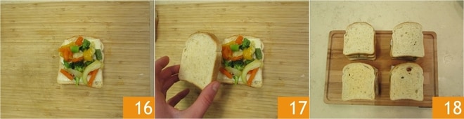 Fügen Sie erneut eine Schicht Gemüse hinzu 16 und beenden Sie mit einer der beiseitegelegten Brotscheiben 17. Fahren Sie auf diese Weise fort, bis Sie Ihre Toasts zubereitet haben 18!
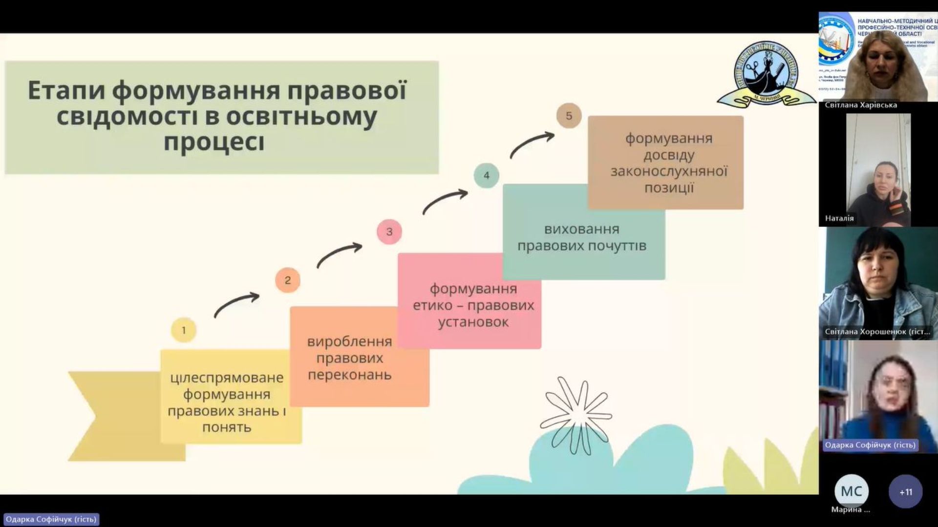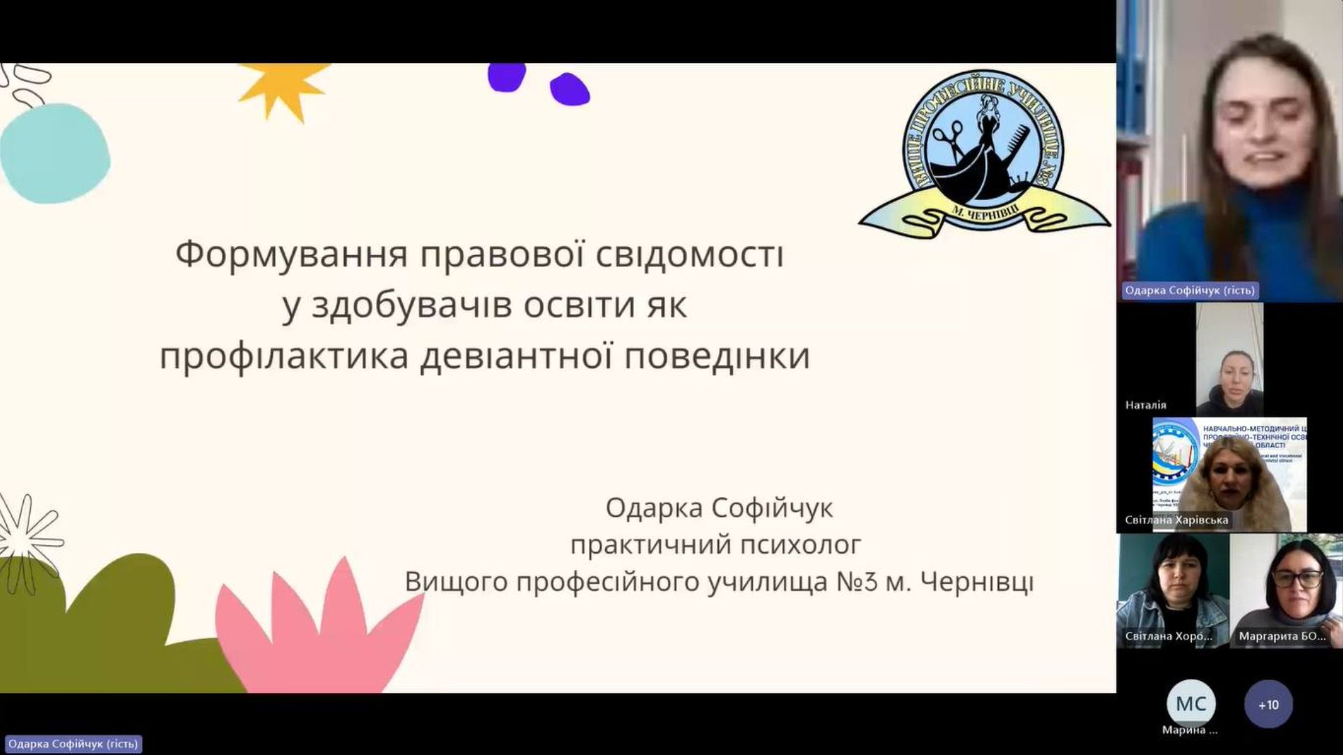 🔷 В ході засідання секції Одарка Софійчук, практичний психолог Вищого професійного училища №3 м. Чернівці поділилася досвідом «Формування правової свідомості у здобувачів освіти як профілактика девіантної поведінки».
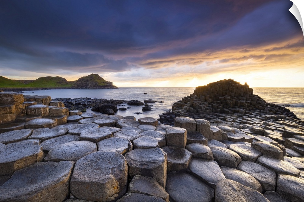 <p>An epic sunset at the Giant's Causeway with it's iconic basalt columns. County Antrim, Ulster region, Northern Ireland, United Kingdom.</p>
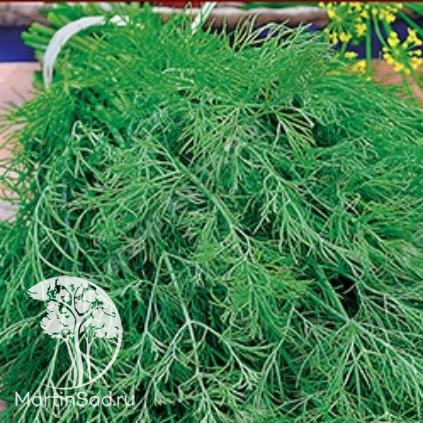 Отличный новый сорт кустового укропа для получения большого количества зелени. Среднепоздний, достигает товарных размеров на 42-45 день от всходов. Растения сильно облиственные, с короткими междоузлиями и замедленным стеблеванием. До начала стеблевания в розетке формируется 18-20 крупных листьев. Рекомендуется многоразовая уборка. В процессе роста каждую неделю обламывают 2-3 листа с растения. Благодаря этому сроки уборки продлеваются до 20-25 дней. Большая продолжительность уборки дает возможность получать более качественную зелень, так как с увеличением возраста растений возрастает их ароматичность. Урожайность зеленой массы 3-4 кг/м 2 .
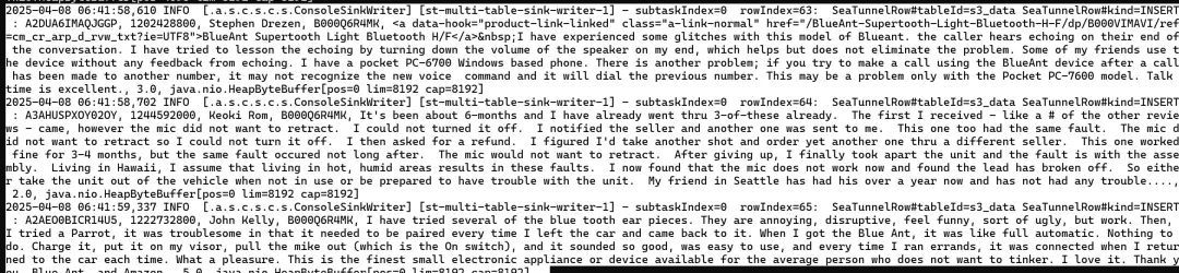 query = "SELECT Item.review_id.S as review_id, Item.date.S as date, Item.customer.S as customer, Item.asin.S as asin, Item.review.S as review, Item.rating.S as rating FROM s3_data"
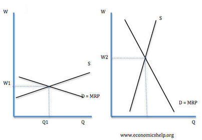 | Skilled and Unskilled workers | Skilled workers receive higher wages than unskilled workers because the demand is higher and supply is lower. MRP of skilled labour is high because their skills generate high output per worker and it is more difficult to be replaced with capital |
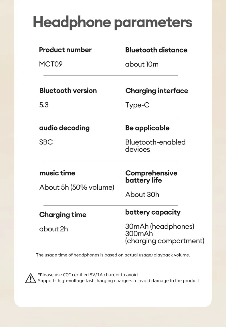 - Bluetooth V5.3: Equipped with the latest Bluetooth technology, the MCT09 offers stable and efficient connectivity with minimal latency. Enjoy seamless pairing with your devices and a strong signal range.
══════════════════════════════
— Task to carry out —
For this exercise, return the records above in full and exactly, omitting the images.

— Answer section —
 Fügen Sie erneut eine Schicht Gemüse hinzu 16 und beenden Sie mit einer der beiseitegelegten Brotscheiben 17. Fahren Sie auf diese Weise fort, bis Sie Ihre Toasts zubereitet haben 18!
 🔷 В ході засідання секції Одарка Софійчук, практичний психолог Вищого професійного училища №3 м. Чернівці поділилася досвідом «Формування правової свідомості у здобувачів освіти як профілактика девіантної поведінки».
 <p>An epic sunset at the Giant's Causeway with it's iconic basalt columns. County Antrim, Ulster region, Northern Ireland, United Kingdom.</p>
 Отличный новый сорт кустового укропа для получения большого количества зелени. Среднепоздний, достигает товарных размеров на 42-45 день от всходов. Растения сильно облиственные, с короткими междоузлиями и замедленным стеблеванием. До начала стеблевания в розетке формируется 18-20 крупных листьев. Рекомендуется многоразовая уборка. В процессе роста каждую неделю обламывают 2-3 листа с растения. Благодаря этому сроки уборки продлеваются до 20-25 дней. Большая продолжительность уборки дает возможность получать более качественную зелень, так как с увеличением возраста растений возрастает их ароматичность. Урожайность зеленой массы 3-4 кг/м 2 .
 query = "SELECT Item.review_id.S as review_id, Item.date.S as date, Item.customer.S as customer, Item.asin.S as asin, Item.review.S as review, Item.rating.S as rating FROM s3_data"
 | Skilled and Unskilled workers | Skilled workers receive higher wages than unskilled workers because the demand is higher and supply is lower. MRP of skilled labour is high because their skills generate high output per worker and it is more difficult to be replaced with capital |
 - Bluetooth V5.3: Equipped with the latest Bluetooth technology, the MCT09 offers stable and efficient connectivity with minimal latency. Enjoy seamless pairing with your devices and a strong signal range.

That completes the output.